Sam Andrews, Consultant/Communicator (Episode 43)

    Sam Andrews, Consultant/Communicator (Episode 43) | Sam is helping researchers tell stories which create change

    For this episode of the Research Adjacent podcast Sarah is talking Sam Andrews, marine science writer, research consultant, and director of ocean-focused communications agency Ocean Oculus.

    The wrong PhD for the right reason

    Sam spent her 20s working in local government administration, but the urge to do something more tangible to help protect the planet took her back to university at 28 to do a degree in marine biology. A Masters and PhD followed, and Sam also began writing a science blog alongside her studies. The coding-heavy PhD wasn’t a great fit, but her blog began to get attention.

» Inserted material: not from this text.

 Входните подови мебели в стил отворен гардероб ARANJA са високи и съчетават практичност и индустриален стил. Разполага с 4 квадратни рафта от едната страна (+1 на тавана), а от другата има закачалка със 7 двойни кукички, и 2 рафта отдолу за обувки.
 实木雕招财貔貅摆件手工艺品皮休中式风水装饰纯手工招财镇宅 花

    “One day this editor contacted me and he said, I like this article you wrote, can I pop it in our magazine? And I was like, yeah sure, why not? And then a few months later he contacted me again and said, if I give you some money, would you write this article? And, I don’t know why, but I didn’t think that was a possible thing to do before he said that.”

    One article led to another and another, and as she realised that a research path wasn’t the right fit, her communications and consultancy work took off.

    A global perspective

    At the time of our conversation Sam was in the French territory of Réunion, an island in the Indian Ocean. Her work and studies have also taken her to mainland France, Canada, and Australia. This has given her a global perspective on her work, particularly highlighting how important it is to contextualise both communications and solutions to the local situation.

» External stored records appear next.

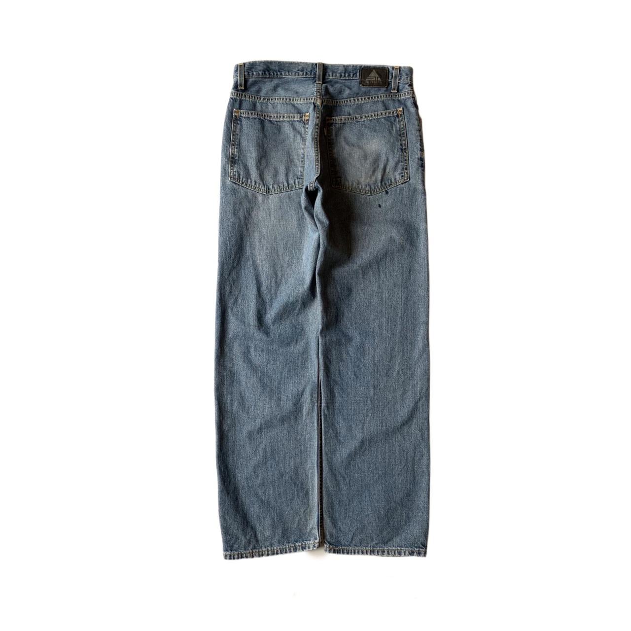 “RELAXED FIT”とあるようにワタリ幅が広くクセのない太いシルエット。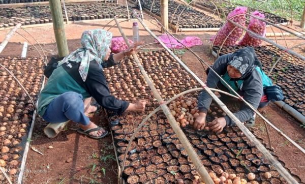 At the Kebumen nursery, a new tree-seedling has been introduced. This year, the nursery has started on the cultivation of the cotton tree, also known in Indonesia as the randu tree or kapuk tree. The decision to grow cotton trees is a response to the strong interest of the local community in Kebumen, driven by the economic value of the tree. Cotton trees produce fibers which are contained in their fruits, and these fibers are essential raw materials for textile yarn. (Above) New shoots of randu tree-seedling have begun to grow. (Below) A nursery worker is removing weeds from the randu tree seedlings to ensure the maximum growth.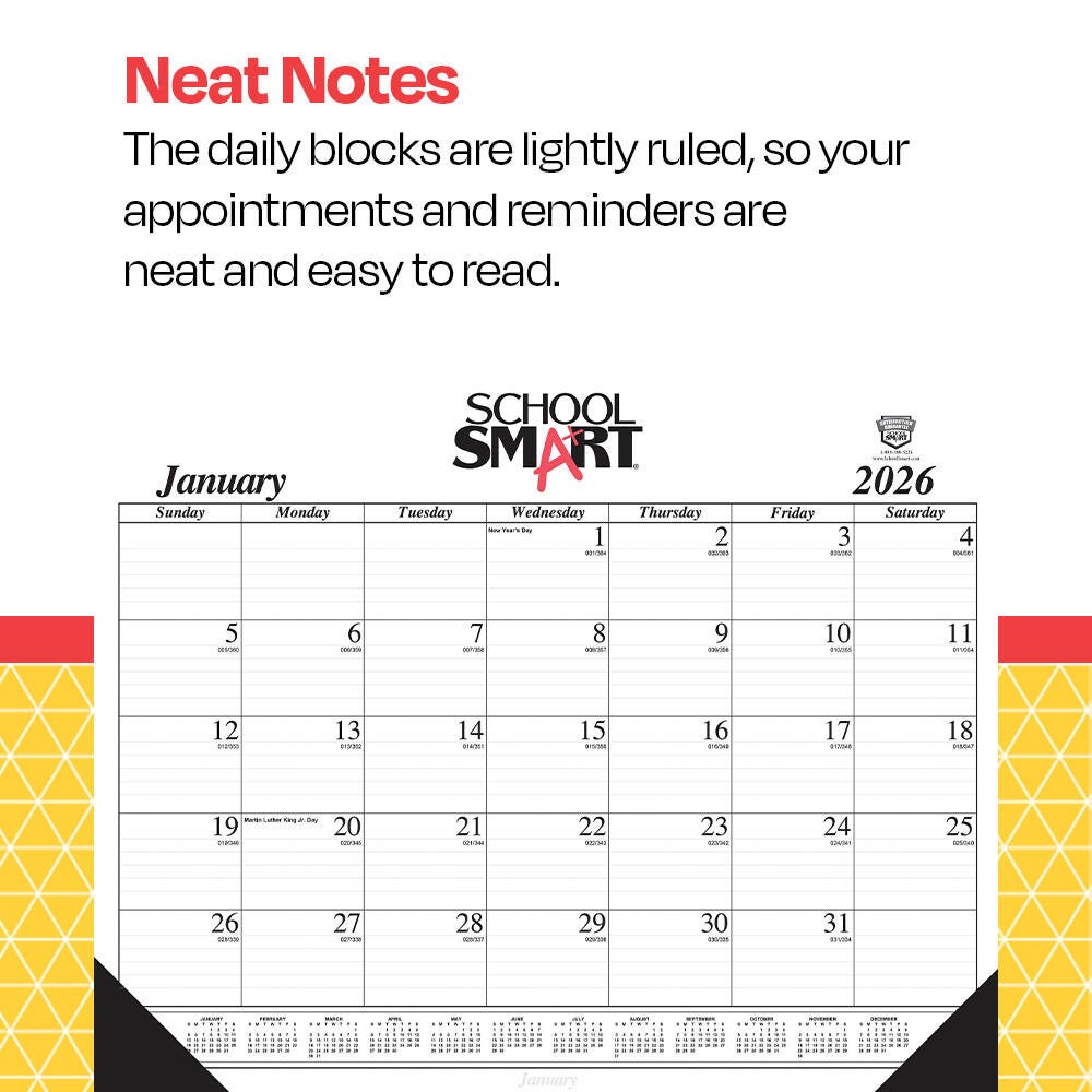 School Smart Desk Pad Calendar, January-December 2026, 22 x 17 Inches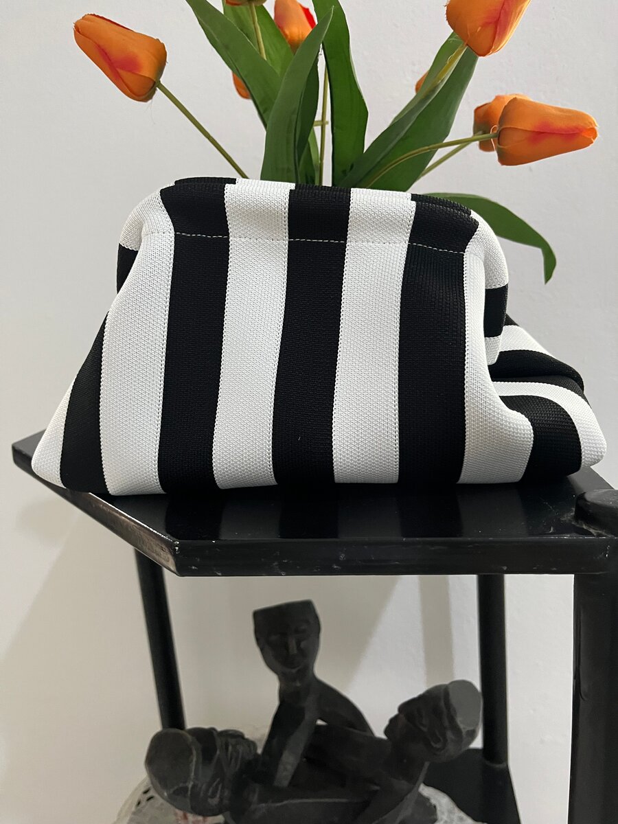 Découvrez notre pochette sophistiquée à rayures, parfaite pour ajouter une touche chic à votre tenue. Idéale pour une sortie ou un événement spécial, elle offre à la fois style et praticité avec sa forme spacieuse pour vos essentiels. Un accessoire incontournable pour toute garde-robe moderne.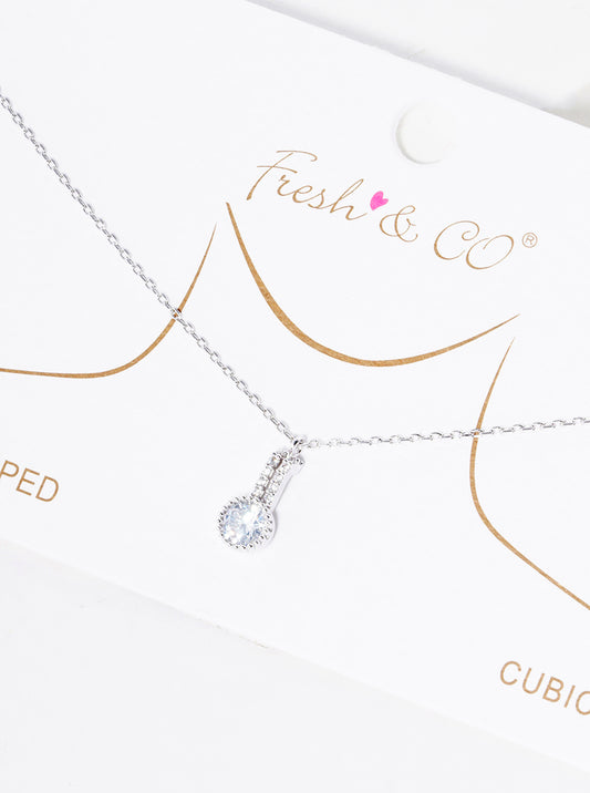 White Gold Dipped CZ Pave Round Pendant Delicate Necklace

    “You can have some great knowledge built up and a solution that’s really great in one area, but it doesn’t necessarily work in another place. It does actually make you kind of stop more often and go, hang on a minute, we need to think about this a little bit more. So maybe in some ways it slows things down, but I think you end up with a better solution.”

    This sensitivity to different perspectives is one of the reasons Sam has decided to set up Ocean Oculus as a media agency. It will bring together communicators with different skills, different cultural backgrounds and different languages to better serve customers around the world.

    “One of the things that’s really important is to have people who speak different languages, who have different cultural backgrounds, who are situated around the world, who can relate to different people and different societies and different situations.”

    Creating ripples of change

    Despite writing articles and reports which might be widely read, Sam is most proud of the times when she has been able to help someone directly. She cites examples of people she has helped through her careers newsletter Ocean Opportunities and people who have contacted her for help after reading her writing.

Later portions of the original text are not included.